* _Task_
Skip all pictures, then copy the lines from the start of the data through the line with "茅ヶ崎で行われる「茅ヶ崎Sh", keeping both ends.

Collected data
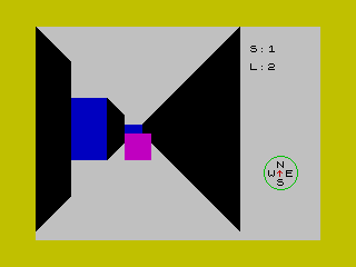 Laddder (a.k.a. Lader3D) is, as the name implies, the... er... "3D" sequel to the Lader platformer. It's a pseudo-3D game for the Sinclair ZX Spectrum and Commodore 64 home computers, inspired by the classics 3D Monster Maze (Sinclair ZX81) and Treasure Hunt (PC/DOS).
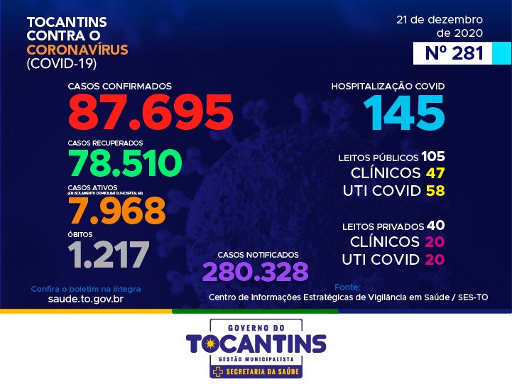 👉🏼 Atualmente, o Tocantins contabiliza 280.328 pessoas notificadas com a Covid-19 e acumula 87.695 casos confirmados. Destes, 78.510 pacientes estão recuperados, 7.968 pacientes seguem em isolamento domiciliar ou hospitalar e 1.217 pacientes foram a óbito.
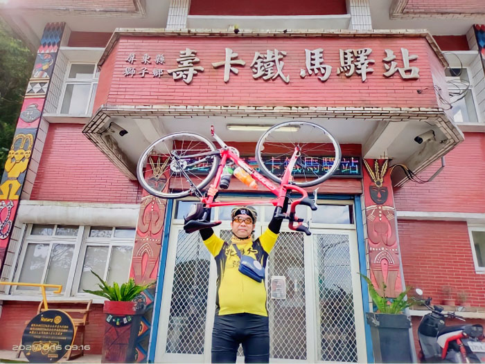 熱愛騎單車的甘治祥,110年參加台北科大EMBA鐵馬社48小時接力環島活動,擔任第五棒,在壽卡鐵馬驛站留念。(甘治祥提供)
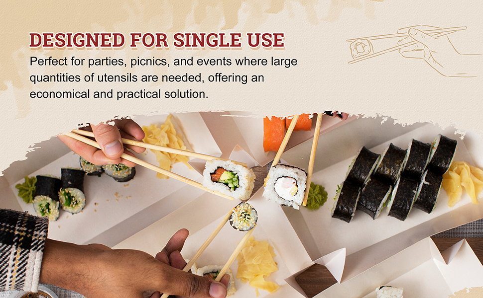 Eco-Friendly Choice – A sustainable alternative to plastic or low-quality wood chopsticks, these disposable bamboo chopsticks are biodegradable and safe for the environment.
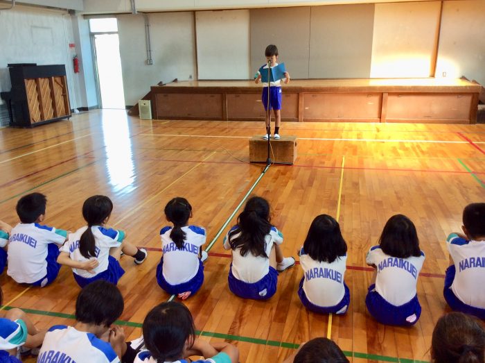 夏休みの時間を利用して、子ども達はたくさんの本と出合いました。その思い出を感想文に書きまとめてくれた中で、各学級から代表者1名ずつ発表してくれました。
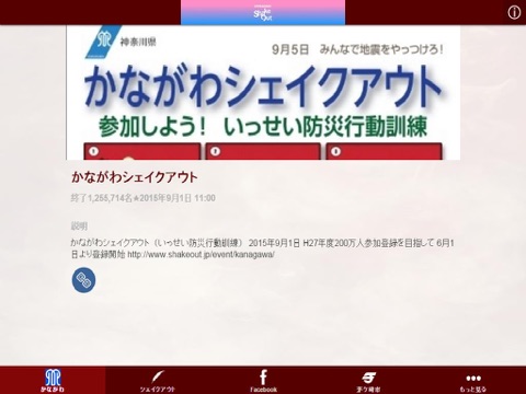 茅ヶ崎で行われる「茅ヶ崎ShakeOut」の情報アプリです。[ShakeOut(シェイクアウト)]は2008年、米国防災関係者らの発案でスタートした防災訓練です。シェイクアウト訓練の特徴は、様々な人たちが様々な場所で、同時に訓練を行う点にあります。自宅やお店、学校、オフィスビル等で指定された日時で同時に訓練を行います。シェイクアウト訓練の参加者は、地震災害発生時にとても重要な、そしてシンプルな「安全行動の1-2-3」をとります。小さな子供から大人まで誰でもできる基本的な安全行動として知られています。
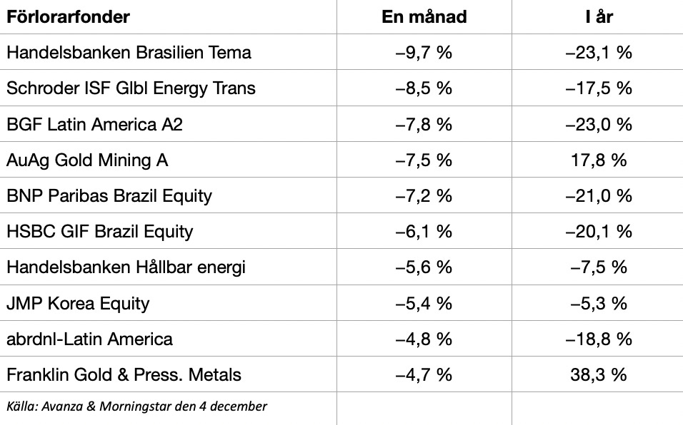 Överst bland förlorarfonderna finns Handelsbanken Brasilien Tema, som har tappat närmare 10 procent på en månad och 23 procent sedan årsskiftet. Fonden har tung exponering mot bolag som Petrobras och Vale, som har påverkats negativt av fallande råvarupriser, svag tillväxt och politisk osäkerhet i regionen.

* _Result_
 Laddder (a.k.a. Lader3D) is, as the name implies, the... er... "3D" sequel to the Lader platformer. It's a pseudo-3D game for the Sinclair ZX Spectrum and Commodore 64 home computers, inspired by the classics 3D Monster Maze (Sinclair ZX81) and Treasure Hunt (PC/DOS).
 👉🏼 Atualmente, o Tocantins contabiliza 280.328 pessoas notificadas com a Covid-19 e acumula 87.695 casos confirmados. Destes, 78.510 pacientes estão recuperados, 7.968 pacientes seguem em isolamento domiciliar ou hospitalar e 1.217 pacientes foram a óbito.
 熱愛騎單車的甘治祥,110年參加台北科大EMBA鐵馬社48小時接力環島活動,擔任第五棒,在壽卡鐵馬驛站留念。(甘治祥提供)
 Eco-Friendly Choice – A sustainable alternative to plastic or low-quality wood chopsticks, these disposable bamboo chopsticks are biodegradable and safe for the environment.
 夏休みの時間を利用して、子ども達はたくさんの本と出合いました。その思い出を感想文に書きまとめてくれた中で、各学級から代表者1名ずつ発表してくれました。
 茅ヶ崎で行われる「茅ヶ崎ShakeOut」の情報アプリです。[ShakeOut(シェイクアウト)]は2008年、米国防災関係者らの発案でスタートした防災訓練です。シェイクアウト訓練の特徴は、様々な人たちが様々な場所で、同時に訓練を行う点にあります。自宅やお店、学校、オフィスビル等で指定された日時で同時に訓練を行います。シェイクアウト訓練の参加者は、地震災害発生時にとても重要な、そしてシンプルな「安全行動の1-2-3」をとります。小さな子供から大人まで誰でもできる基本的な安全行動として知られています。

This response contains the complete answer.